> **WHAT NEEDS TO BE DONE**:
Every line in the records below between the one holding "The so-called neoclassical" and the one holding "ロレックス デイデイト 18238A", inclusive, is to be set down exactly; all other lines are to be left out.
━━ DATA RECORDS ━━
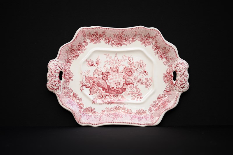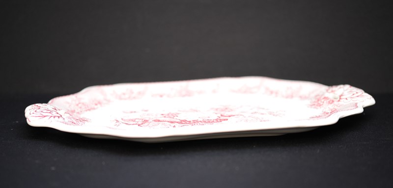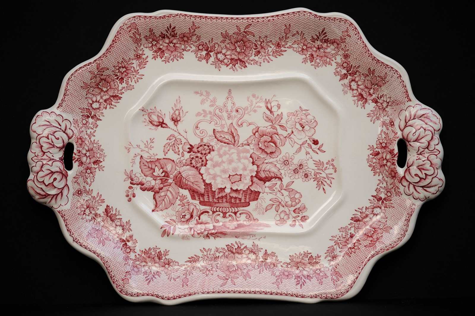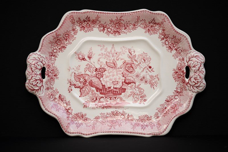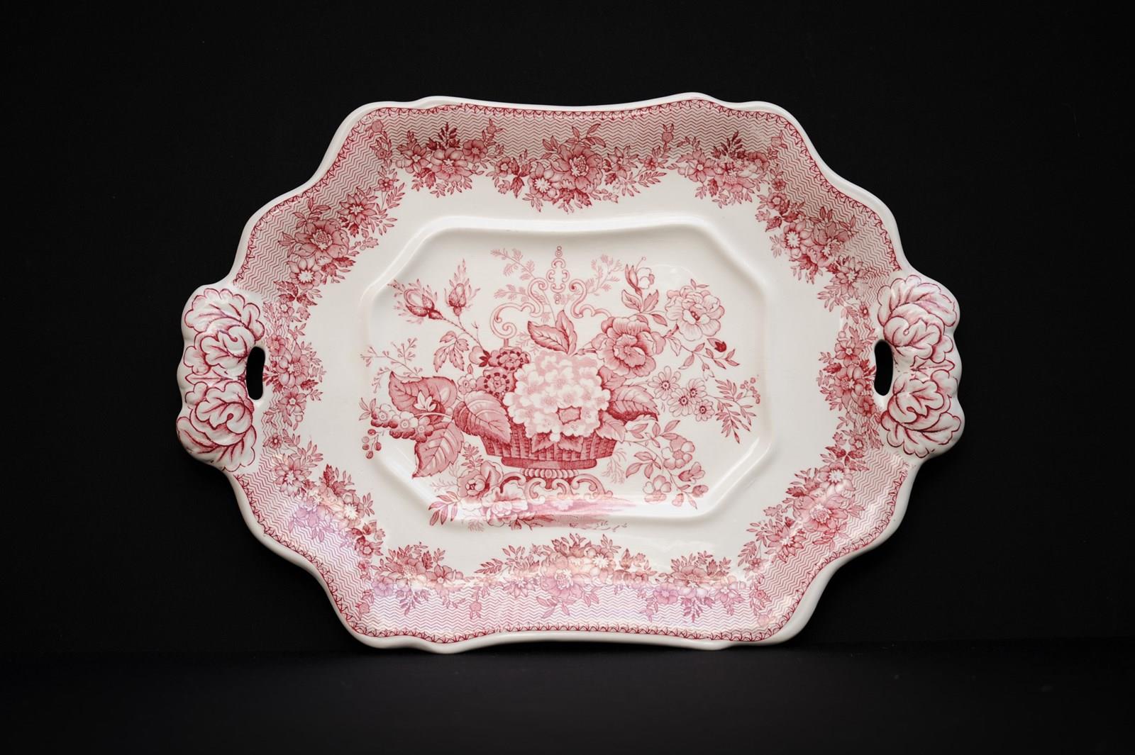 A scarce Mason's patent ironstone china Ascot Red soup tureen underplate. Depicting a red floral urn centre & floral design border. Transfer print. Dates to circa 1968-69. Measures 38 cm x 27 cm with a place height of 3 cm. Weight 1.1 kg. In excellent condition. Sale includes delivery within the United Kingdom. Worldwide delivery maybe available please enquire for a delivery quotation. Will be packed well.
━━━
━━ DATA RECORDS ━━
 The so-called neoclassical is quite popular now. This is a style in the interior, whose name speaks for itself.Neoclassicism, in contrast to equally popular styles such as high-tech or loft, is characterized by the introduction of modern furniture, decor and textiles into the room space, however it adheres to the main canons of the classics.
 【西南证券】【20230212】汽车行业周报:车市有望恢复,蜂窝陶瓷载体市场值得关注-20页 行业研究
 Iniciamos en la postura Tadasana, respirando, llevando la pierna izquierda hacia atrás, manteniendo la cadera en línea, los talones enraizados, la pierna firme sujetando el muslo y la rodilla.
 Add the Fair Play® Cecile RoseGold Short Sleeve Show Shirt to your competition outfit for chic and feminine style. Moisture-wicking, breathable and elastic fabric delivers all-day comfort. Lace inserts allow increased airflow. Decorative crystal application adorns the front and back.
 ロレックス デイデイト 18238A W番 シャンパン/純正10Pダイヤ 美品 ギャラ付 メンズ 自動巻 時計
━━━
> **TASK RESPONSE**:
 The so-called neoclassical is quite popular now. This is a style in the interior, whose name speaks for itself.Neoclassicism, in contrast to equally popular styles such as high-tech or loft, is characterized by the introduction of modern furniture, decor and textiles into the room space, however it adheres to the main canons of the classics.
 【西南证券】【20230212】汽车行业周报:车市有望恢复,蜂窝陶瓷载体市场值得关注-20页 行业研究
 Iniciamos en la postura Tadasana, respirando, llevando la pierna izquierda hacia atrás, manteniendo la cadera en línea, los talones enraizados, la pierna firme sujetando el muslo y la rodilla.
 Add the Fair Play® Cecile RoseGold Short Sleeve Show Shirt to your competition outfit for chic and feminine style. Moisture-wicking, breathable and elastic fabric delivers all-day comfort. Lace inserts allow increased airflow. Decorative crystal application adorns the front and back.
 ロレックス デイデイト 18238A W番 シャンパン/純正10Pダイヤ 美品 ギャラ付 メンズ 自動巻 時計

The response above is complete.